On Julia limiting directions in higher dimensions

TL;DR

This paper explores Julia limiting directions for transcendental quasiregular mappings in higher dimensions, providing conditions for all directions to be limiting and addressing the inverse problem in three dimensions.

Contribution

It introduces the first study of Julia limiting directions in higher dimensions and advances understanding of sectorial domains and their polynomial growth bounds.

Findings

Every direction can be a Julia limiting direction under certain conditions.

Sectorial domains in quasi-Fatou components imply polynomial growth bounds.

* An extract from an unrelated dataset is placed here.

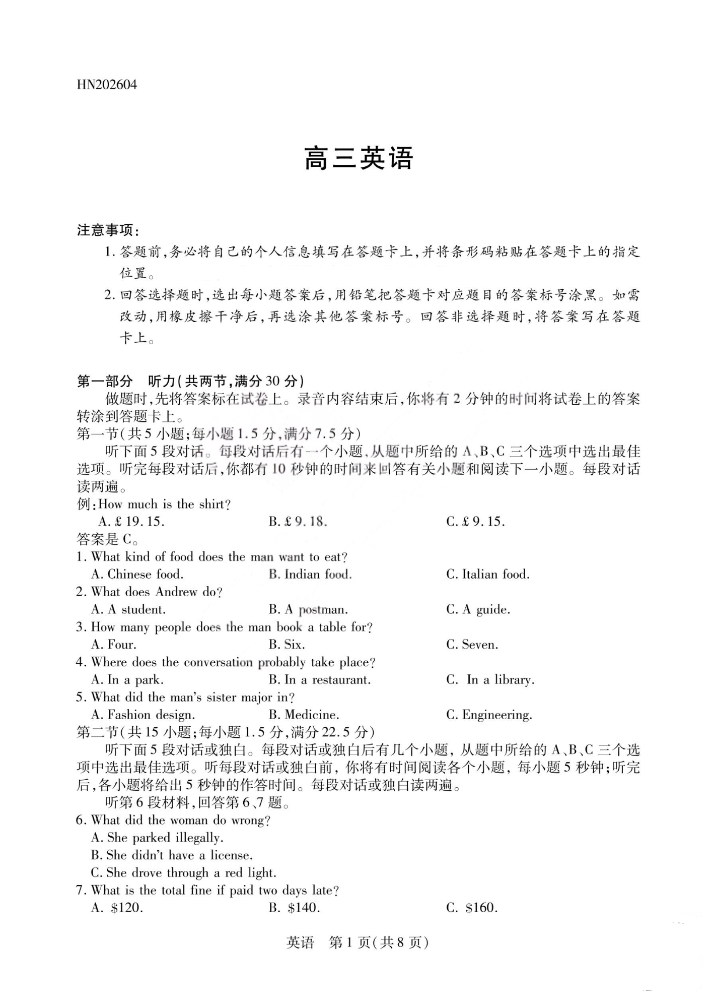 山西省2026届高三天一小高考素质评价(五)英语.pdf

Characterization of compact subsets of S^2 related to Julia limiting directions.

Abstract

In this paper we study, for the first time, Julia limiting directions of quasiregular mappings in $\mathbb{R}^n$ of transcendental-type. First, we give conditions under which every direction is a Julia limiting direction. Along the way, our methods show that if a quasi-Fatou component contains a sectorial domain, then there is a polynomial bound on the growth in the sector. Second, we give a contribution to the inverse problem in $\mathbb{R}^3$ of determining which compact subsets of $S^2$ can give rise to Julia limiting directions. The methods here will require showing that certain sectorial domains in $\mathbb{R}^3$ are ambient quasiballs, which is a contribution to the notoriously hard problem of determining which domains are the image of the unit ball $\mathbb{B}^3$ under an ambient quasiconformal map of $\mathbb{R}^3$ to itself.